#### [Task prompt]
Each line of the data below from the one holding "在今天的大集上,当我看到北京" to the one holding "In the end though, as", inclusive, is to be reproduced exactly; no other line belongs in the answer.

#### [Data]

────────────────

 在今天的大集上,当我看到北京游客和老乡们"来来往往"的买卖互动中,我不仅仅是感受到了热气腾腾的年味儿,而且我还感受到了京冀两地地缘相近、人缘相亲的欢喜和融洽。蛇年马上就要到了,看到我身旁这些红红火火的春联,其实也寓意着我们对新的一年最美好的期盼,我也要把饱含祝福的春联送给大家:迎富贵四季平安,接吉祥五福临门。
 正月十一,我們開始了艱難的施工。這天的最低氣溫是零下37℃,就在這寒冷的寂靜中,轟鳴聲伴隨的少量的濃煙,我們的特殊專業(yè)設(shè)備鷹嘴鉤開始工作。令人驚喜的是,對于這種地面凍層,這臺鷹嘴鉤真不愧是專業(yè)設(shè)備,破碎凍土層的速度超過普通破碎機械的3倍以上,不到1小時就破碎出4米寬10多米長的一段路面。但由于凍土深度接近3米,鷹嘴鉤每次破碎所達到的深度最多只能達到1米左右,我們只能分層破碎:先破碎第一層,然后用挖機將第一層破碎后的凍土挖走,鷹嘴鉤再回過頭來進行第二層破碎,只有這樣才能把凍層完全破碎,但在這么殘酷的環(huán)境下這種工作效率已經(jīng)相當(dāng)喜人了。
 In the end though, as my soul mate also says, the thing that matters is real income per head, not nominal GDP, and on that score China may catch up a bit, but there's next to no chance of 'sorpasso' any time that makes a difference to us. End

────────────────

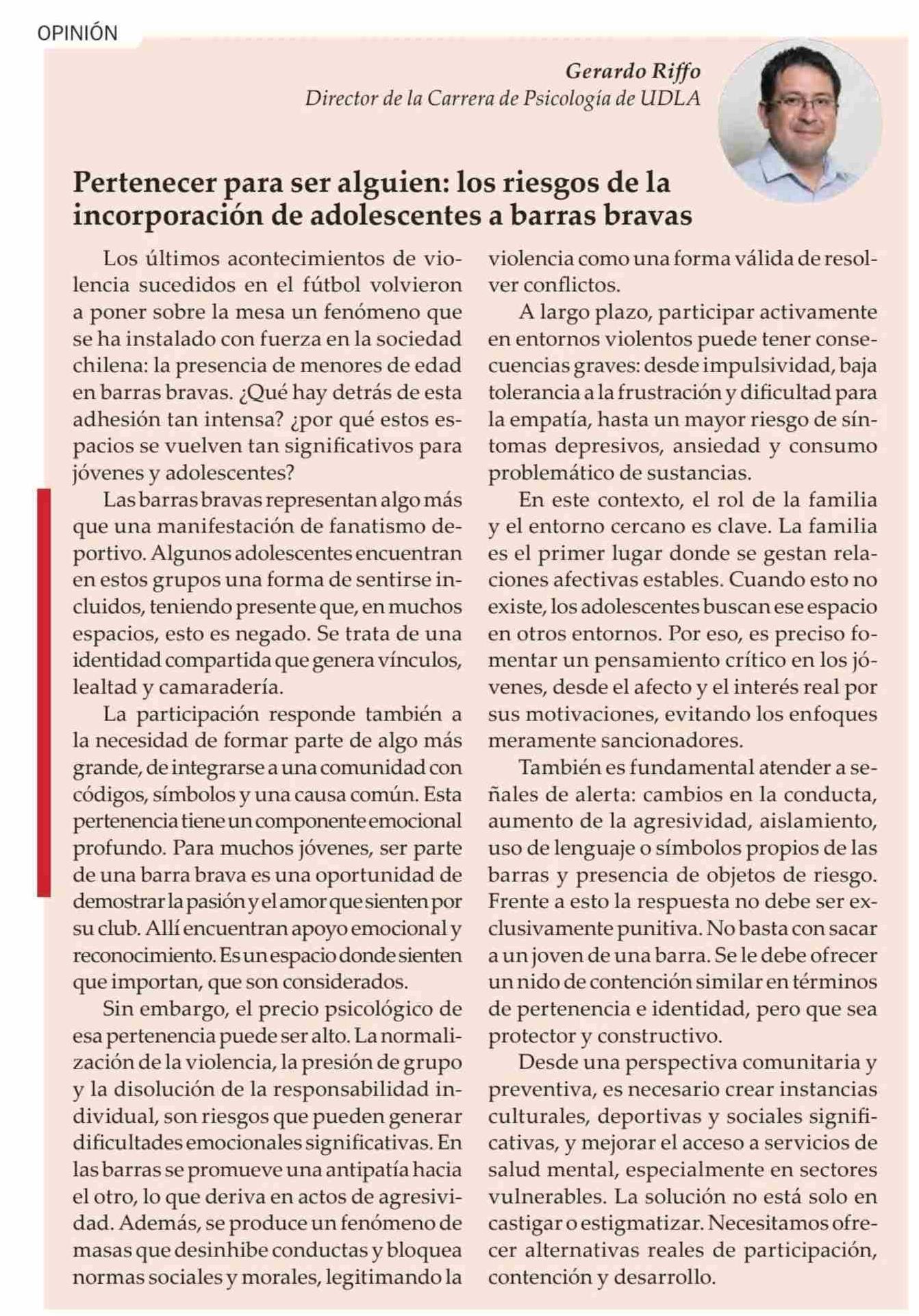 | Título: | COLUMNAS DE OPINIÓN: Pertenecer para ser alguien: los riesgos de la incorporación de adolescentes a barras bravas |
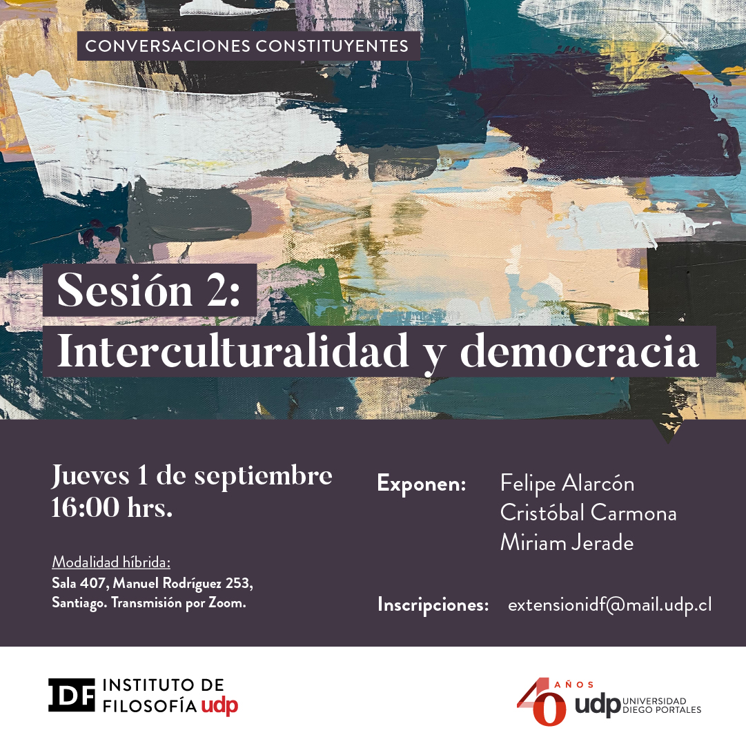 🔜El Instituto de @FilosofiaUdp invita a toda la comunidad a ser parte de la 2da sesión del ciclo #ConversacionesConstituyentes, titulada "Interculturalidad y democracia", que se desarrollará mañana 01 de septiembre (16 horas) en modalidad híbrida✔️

────────────────

#### [Exercise output]
 在今天的大集上,当我看到北京游客和老乡们"来来往往"的买卖互动中,我不仅仅是感受到了热气腾腾的年味儿,而且我还感受到了京冀两地地缘相近、人缘相亲的欢喜和融洽。蛇年马上就要到了,看到我身旁这些红红火火的春联,其实也寓意着我们对新的一年最美好的期盼,我也要把饱含祝福的春联送给大家:迎富贵四季平安,接吉祥五福临门。
 正月十一,我們開始了艱難的施工。這天的最低氣溫是零下37℃,就在這寒冷的寂靜中,轟鳴聲伴隨的少量的濃煙,我們的特殊專業(yè)設(shè)備鷹嘴鉤開始工作。令人驚喜的是,對于這種地面凍層,這臺鷹嘴鉤真不愧是專業(yè)設(shè)備,破碎凍土層的速度超過普通破碎機械的3倍以上,不到1小時就破碎出4米寬10多米長的一段路面。但由于凍土深度接近3米,鷹嘴鉤每次破碎所達到的深度最多只能達到1米左右,我們只能分層破碎:先破碎第一層,然后用挖機將第一層破碎后的凍土挖走,鷹嘴鉤再回過頭來進行第二層破碎,只有這樣才能把凍層完全破碎,但在這么殘酷的環(huán)境下這種工作效率已經(jīng)相當(dāng)喜人了。
 In the end though, as my soul mate also says, the thing that matters is real income per head, not nominal GDP, and on that score China may catch up a bit, but there's next to no chance of 'sorpasso' any time that makes a difference to us. End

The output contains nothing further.